Best Practices

This guide covers best practices for using the Parse API, including performance optimization and accuracy improvements.


Async vs. sync processing

  • Use POST /parse for synchronous parsing when you want results immediately and the file size is small enough for a single request.
  • Use POST /parse/async for asynchronous parsing, which returns a parser run ID you can poll with GET /parser_runs/{id}.
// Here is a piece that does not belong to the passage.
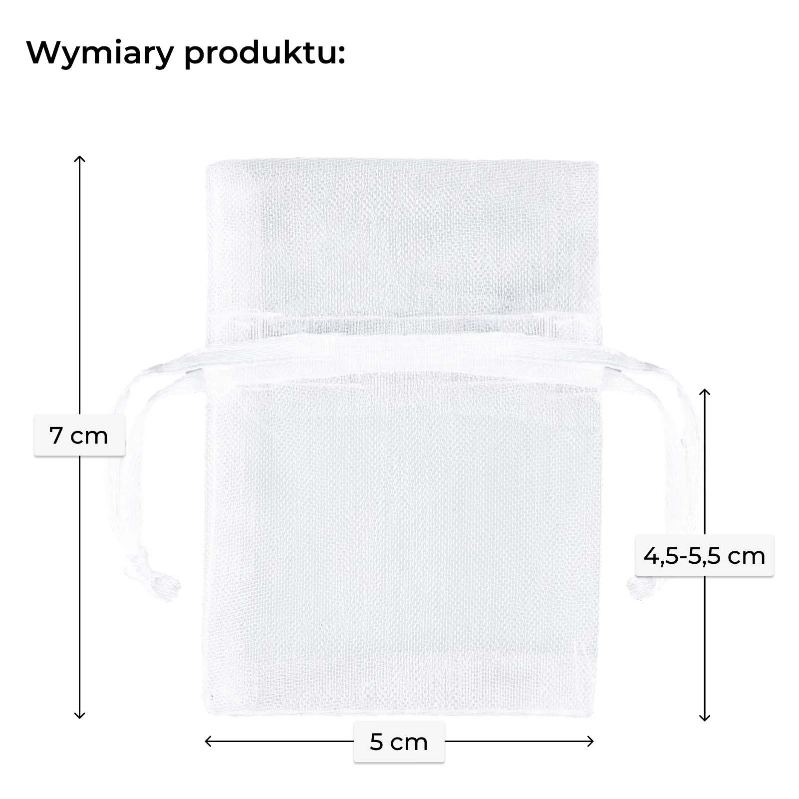 Woreczki z organzy 7 x 9 cm, z pojedynczą wstążeczką, zaciągane na jedną stronę, 25 szt

For high-volume production workloads, prefer async parsing.


Performance optimization

For fastest processing:

  • Set blockOptions.text.agentic.enabled to false (most significant speedup—avoids AI-based OCR corrections)
  • Set blockOptions.figures.enabled to false (avoids AI-based figure analysis)
  • Set pageRotationEnabled to false if all pages are correctly oriented
  • Use chunkingStrategy: "document" (fastest) or "page" instead of "section" (section chunking adds CPU overhead during parsing to generate semantic sections)

For highest accuracy:

  • Set target: "markdown" with chunkingStrategy: "section"
  • Set blockOptions.text.agentic.enabled to true for handwritten/degraded documents
  • Set tableHeaderContinuationEnabled to true for multi-page tables
  • Set signatureDetectionEnabled to true for legal documents

Troubleshooting

Poor quality OCR results

  1. Set blockOptions.text.agentic.enabled to true for handwritten/degraded documents
  2. Set pageRotationEnabled to true for rotated pages
  3. Try target: "spatial" for very messy or skewed documents

Chunks are too large or too small

  1. Adjust minCharacters and maxCharacters in chunkingStrategy.options if you are using type: "section" with target: "markdown".
  2. Try different chunking types (page vs section vs document)
  3. Consider using pageRanges to process fewer pages per request

Tables not parsing correctly

  1. Set tableHeaderContinuationEnabled to true for multi-page tables
  2. Set targetFormat: "html" for better table structure
  3. Set blockOptions.tables.agentic.enabled to true